Le salarié soutient quant à lui qu'il a été maintenu dans ses fonctions de moniteur d'atelier en lui proposant tout au plus d'occuper certaines seulement des fonctions d'éducateur spécialisé.

La partie relations avec les entreprises était totalement absente de sa mission .

Il se réfère au référentiels relatifs aux éducateurs techniques spécialisés.

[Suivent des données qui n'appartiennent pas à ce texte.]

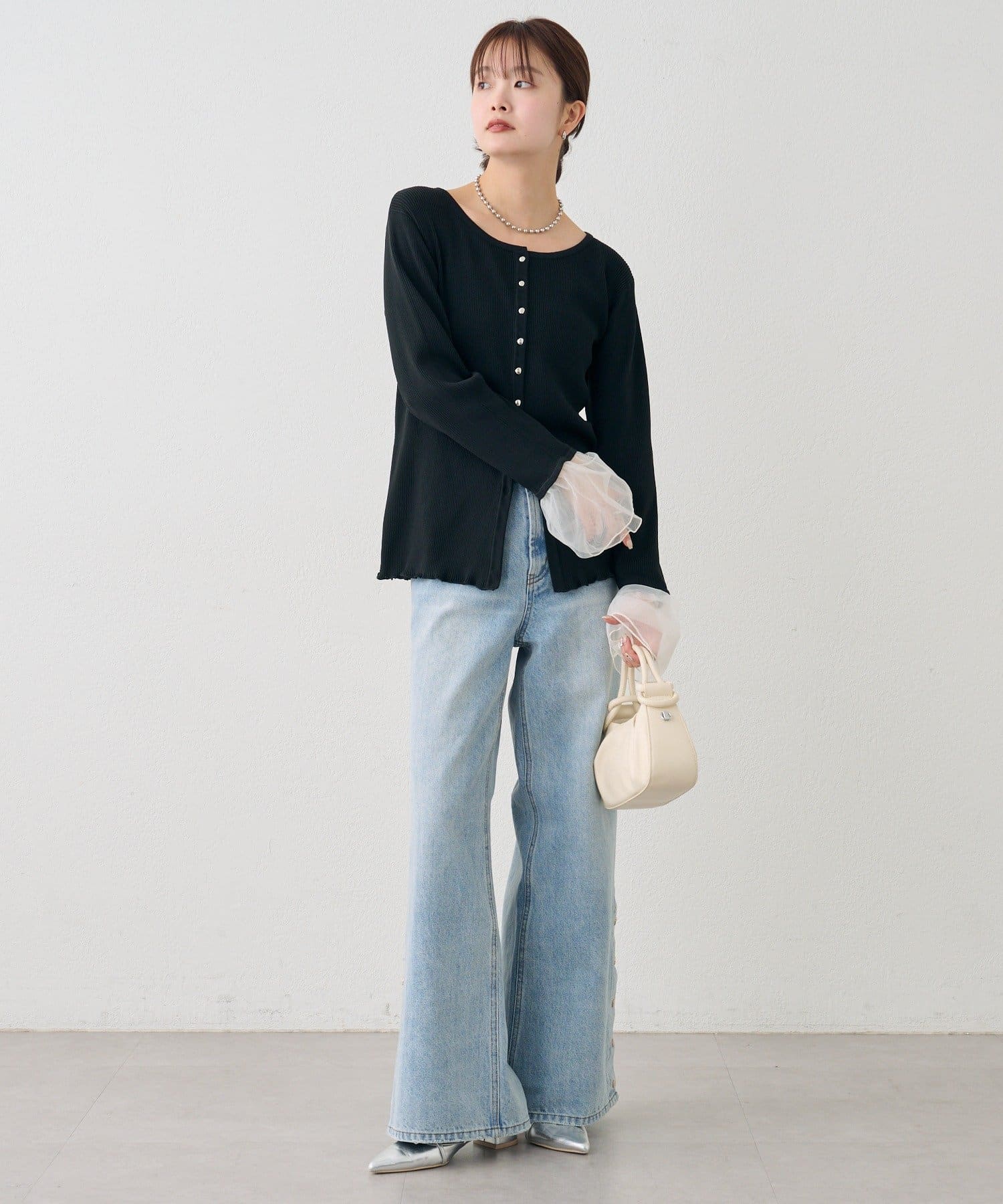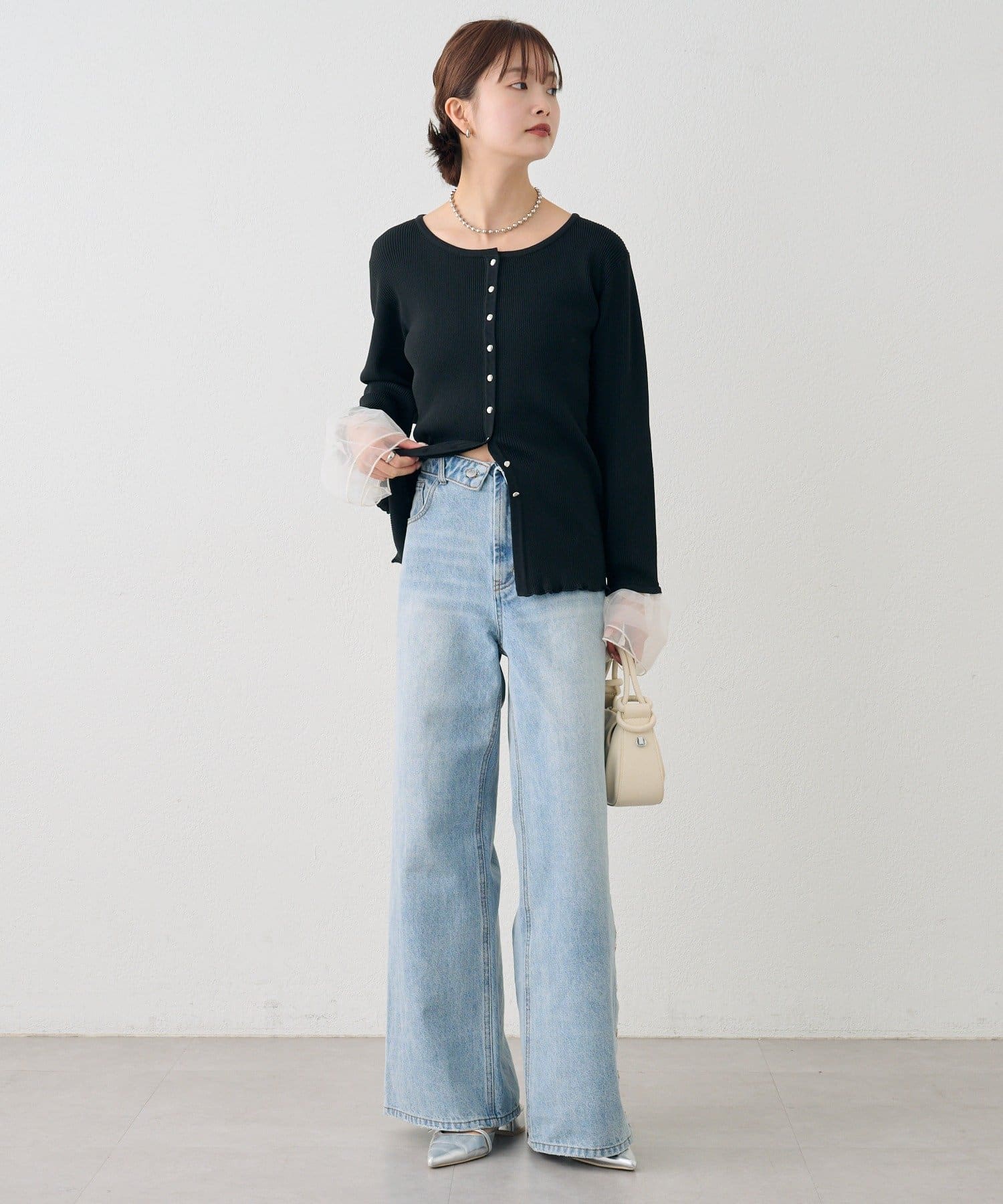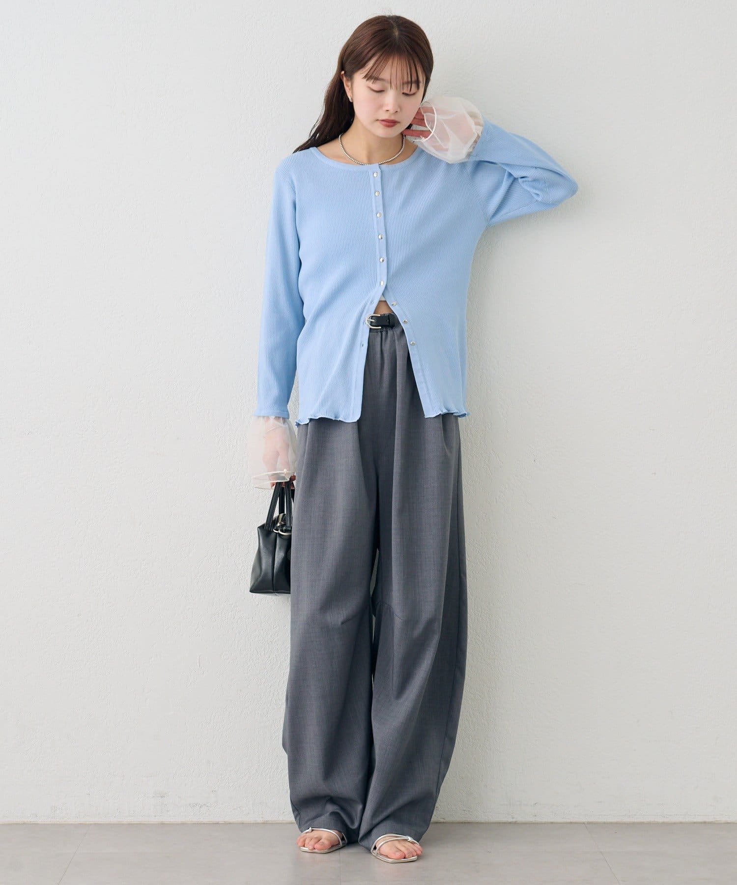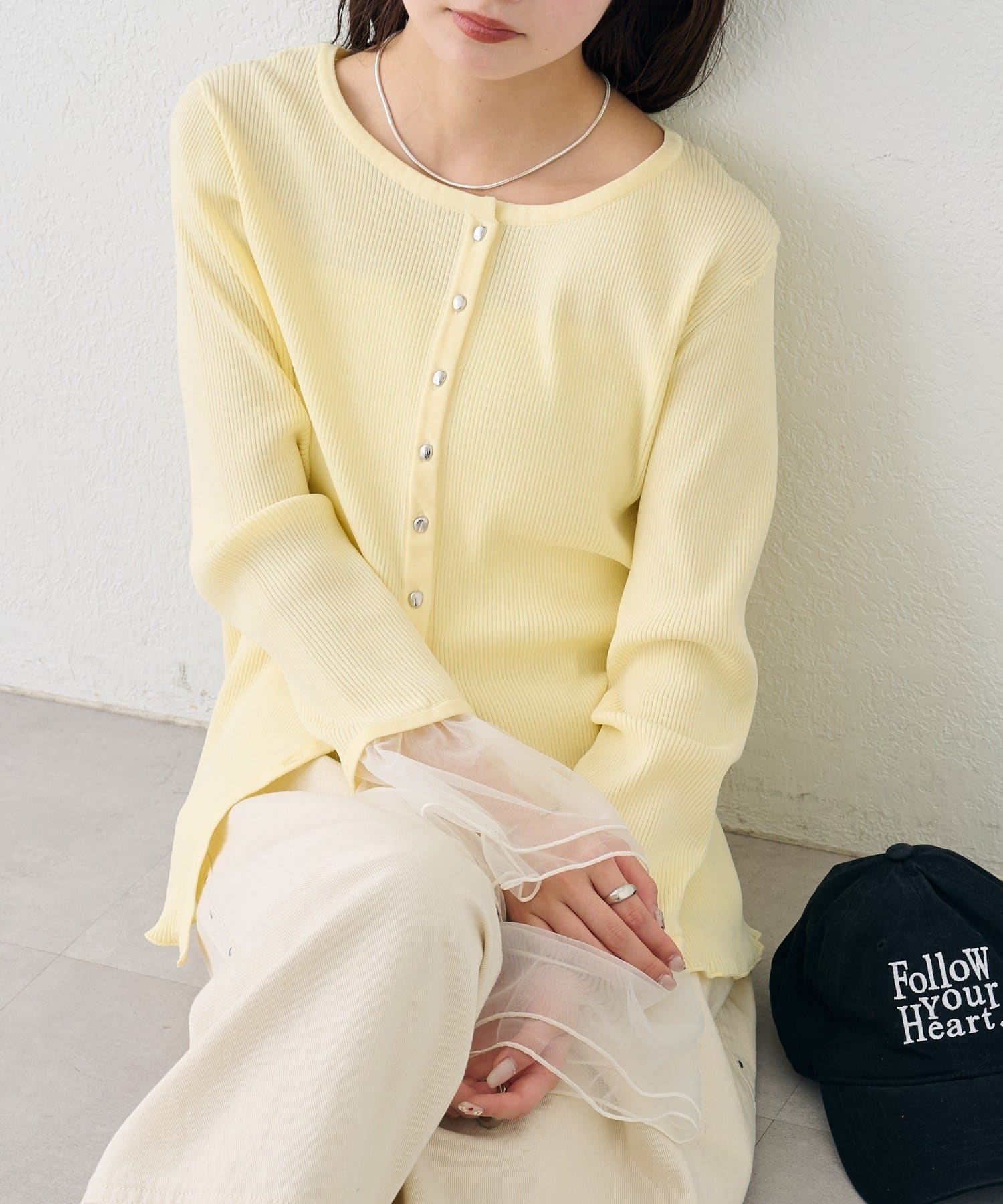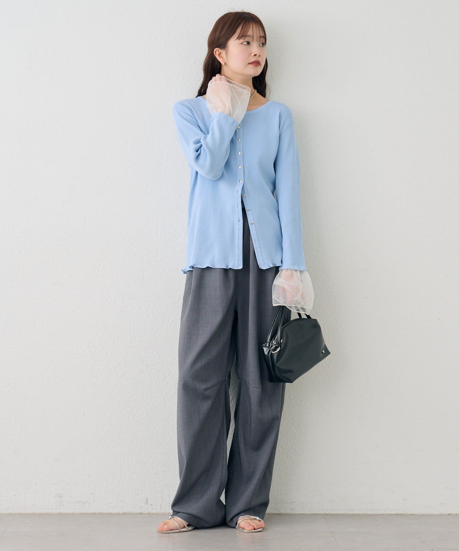 袖のチュールが華やかさをプラスするリブカーディガン

Raison pour laquelle il a refusé de signer sa fiche de poste.

Ainsi l'employeur a manqué à son obligation de loyauté en ne respectant pas les engagements pris auprès du salarié.

Par ailleurs l'entreprise n'a pas indemnisé M. Z... de ses frais de déplacement pour se rendre une semaine sur trois à Lyon pour suivre sa formation d'éducateur spécialisé en infraction aux dispositions de l'article L 3121-4 du code du travail.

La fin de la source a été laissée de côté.